§ INPUT
-=-=-=-=-

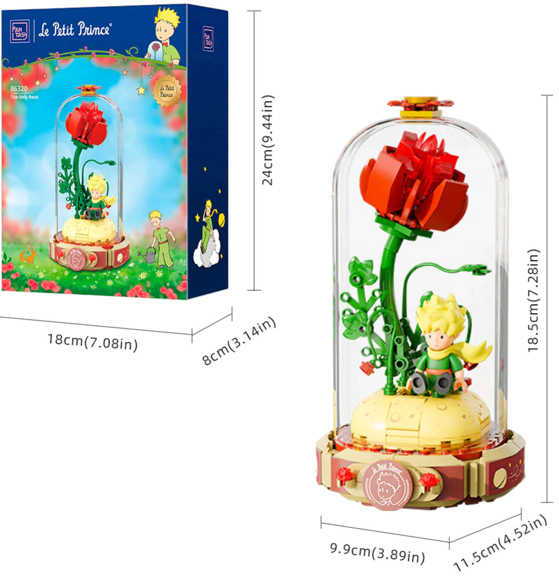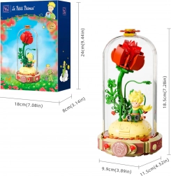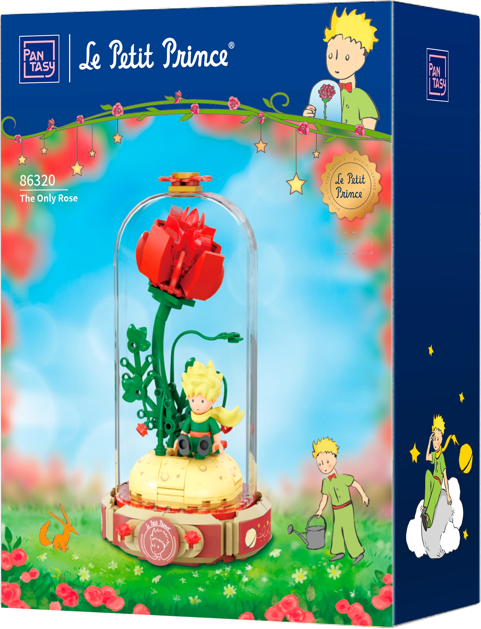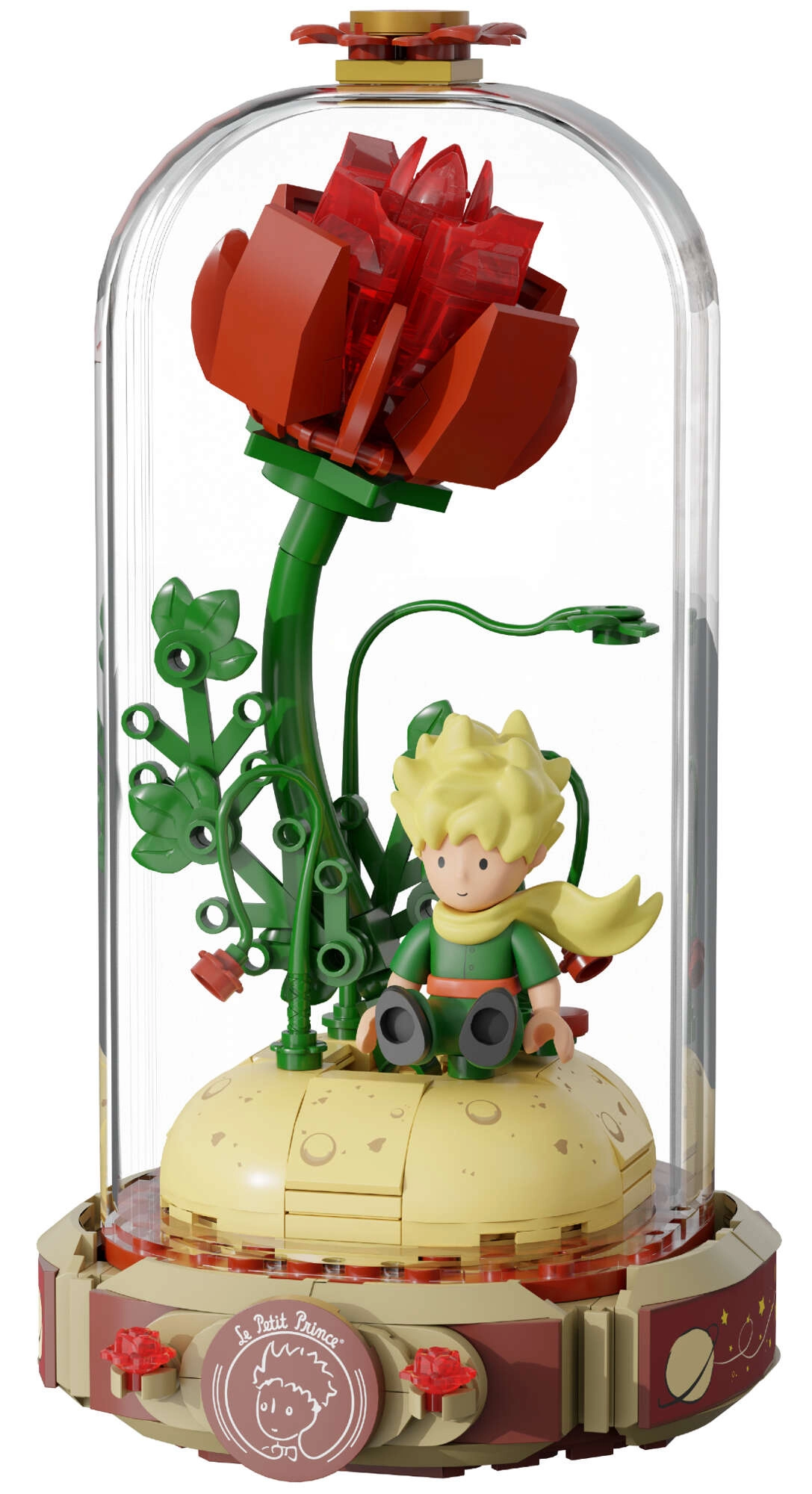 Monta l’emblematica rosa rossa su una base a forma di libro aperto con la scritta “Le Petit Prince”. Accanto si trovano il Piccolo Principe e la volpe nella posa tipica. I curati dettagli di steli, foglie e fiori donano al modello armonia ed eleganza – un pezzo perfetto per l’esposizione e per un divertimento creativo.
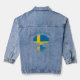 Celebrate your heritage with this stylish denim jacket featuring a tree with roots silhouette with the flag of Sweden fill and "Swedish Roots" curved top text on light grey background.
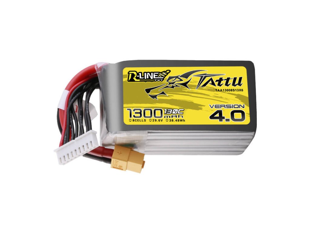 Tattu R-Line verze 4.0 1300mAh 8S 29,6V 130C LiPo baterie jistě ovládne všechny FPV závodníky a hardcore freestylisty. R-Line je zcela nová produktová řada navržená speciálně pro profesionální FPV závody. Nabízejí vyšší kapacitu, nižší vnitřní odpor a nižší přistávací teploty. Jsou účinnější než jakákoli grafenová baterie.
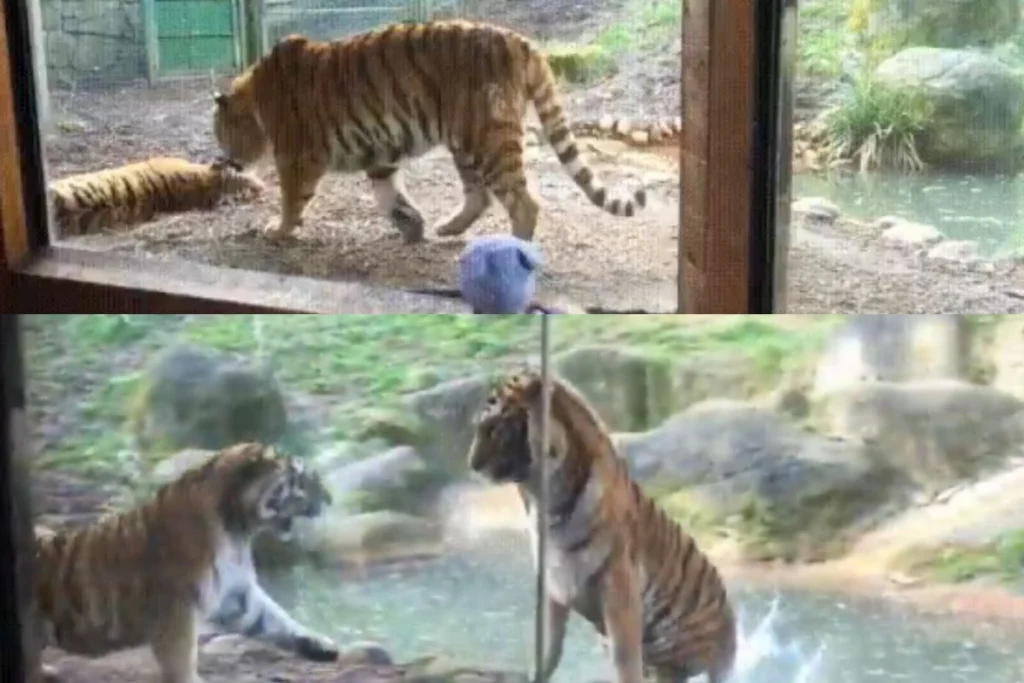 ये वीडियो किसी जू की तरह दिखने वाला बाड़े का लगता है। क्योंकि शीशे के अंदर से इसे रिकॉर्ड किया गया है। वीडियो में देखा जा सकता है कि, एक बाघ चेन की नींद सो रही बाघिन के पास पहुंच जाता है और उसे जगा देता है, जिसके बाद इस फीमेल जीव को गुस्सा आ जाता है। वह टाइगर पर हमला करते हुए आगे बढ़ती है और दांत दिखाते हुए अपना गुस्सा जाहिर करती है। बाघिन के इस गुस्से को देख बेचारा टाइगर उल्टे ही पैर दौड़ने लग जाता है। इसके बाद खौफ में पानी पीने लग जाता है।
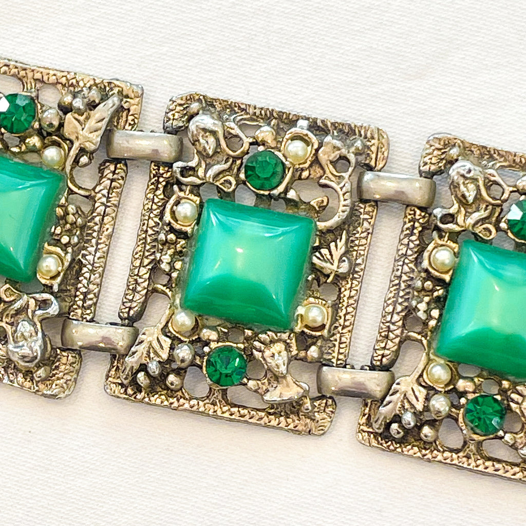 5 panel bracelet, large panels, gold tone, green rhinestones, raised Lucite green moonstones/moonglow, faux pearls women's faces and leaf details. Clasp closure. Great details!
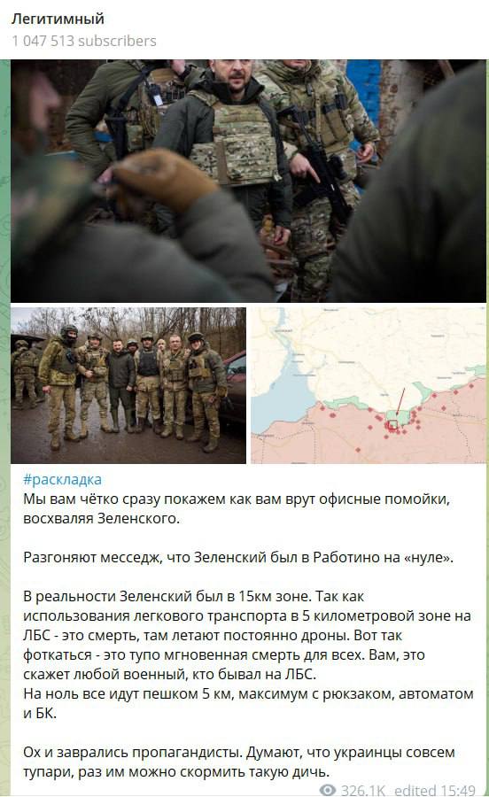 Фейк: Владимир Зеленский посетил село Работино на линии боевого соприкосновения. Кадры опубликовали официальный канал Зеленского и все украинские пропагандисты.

-=-=-=-=-

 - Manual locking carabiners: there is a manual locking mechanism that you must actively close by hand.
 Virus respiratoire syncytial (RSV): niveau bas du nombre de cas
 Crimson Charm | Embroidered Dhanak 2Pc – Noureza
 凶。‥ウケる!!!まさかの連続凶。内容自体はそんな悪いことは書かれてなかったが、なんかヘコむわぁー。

-=-=-=-=-

Having found the line with "5 panel bracelet, large" and the line with "Фейк: Владимир Зеленский" in the material above, write out exactly those two and every line between, leaving the pictures out.

 5 panel bracelet, large panels, gold tone, green rhinestones, raised Lucite green moonstones/moonglow, faux pearls women's faces and leaf details. Clasp closure. Great details!
 Фейк: Владимир Зеленский посетил село Работино на линии боевого соприкосновения. Кадры опубликовали официальный канал Зеленского и все украинские пропагандисты.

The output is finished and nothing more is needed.